Elaborazione del materiale: si opera una scrematura e una “raffinazione” allo scopo di valorizzare le operazioni meglio riuscite e di rendere organico il risultato del lavoro partecipato. Durante quest’ultima fase si affrontano anche le peculiarita’ e le esigenze che concretamente richiederanno le installazioni finali.
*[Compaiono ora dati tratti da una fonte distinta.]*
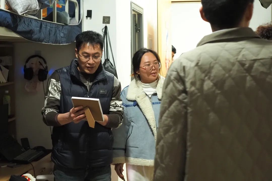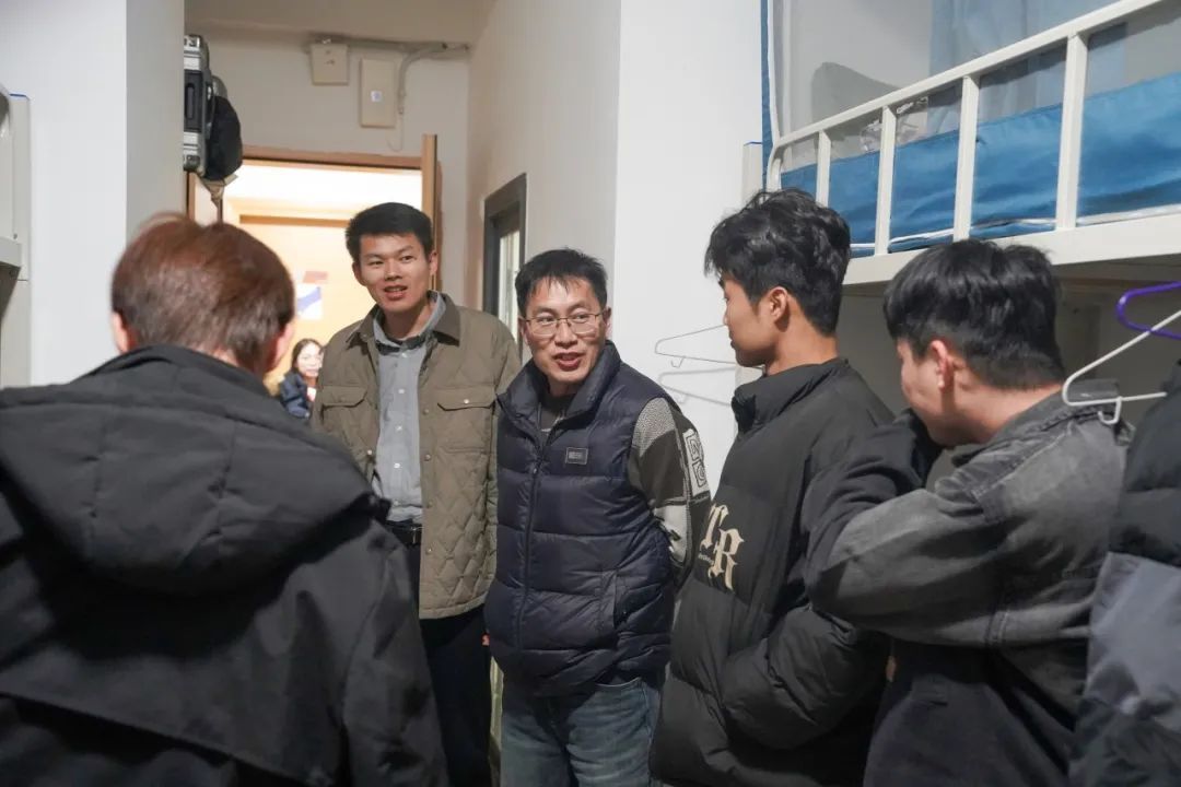 2月17日晚,我院院长孙玉坤、党总支书记陈绍勇、副书记王珺镅带领全体辅导员深入学生宿舍走访慰问,了解同学们寒假生活及新学期学习动态,送上关怀和祝福。

INSTALLAZIONI (spazio temporaneo): il lavoro si compie con la realizzazione di veri e propri oggetti, ossia installazioni che contengono al loro interno immagini in movimento. Le installazioni vengono pensate per un uso temporaneo in spazi esterni e permanente in interni (presso le stanze destinate ad ospitarle). Alcuni luoghi selezionati nel paese vedranno comparire piccoli o grandi oggetti inaspettati che ravviveranno angoli e daranno vita a nuove percezioni dello spazio. Non solo come oggetti d’arte visiva, ma anche come risultato del lavoro svolto, le installazioni testimonieranno il processo di studio attraverso il quale la coscienza dello spazio e di un paesaggio si possono esprimere e raccontare con l’uso dinamico dell’immagine. A fine di ogni ciclo annuale di interventi sarà realizzato il documento di sintesi finale, un documentario, un film dei processi e del periodo di lavoro riguardante la totalità delle attività svolte all’interno del borgo di Auletta recuperato a laboratorio culturale stabile aperto. Scopo principale sarà quello di raccontare il caleidoscopio delle esperienze che si sono succedute e che hanno visto il paese colorarsi, essere vissuto in un modo nuovo durante il ciclo di iniziative ed azioni culturali. Un ulteriore documento di sintesi sarà anche il lavoro di mapping 3d sul parco a ruderi, espressione di una coscienza globale dell’area geografica e della cultura locale che si trasforma in un elemento di coscienza attiva riportando i ruderi a nuovo ed inedito splendore.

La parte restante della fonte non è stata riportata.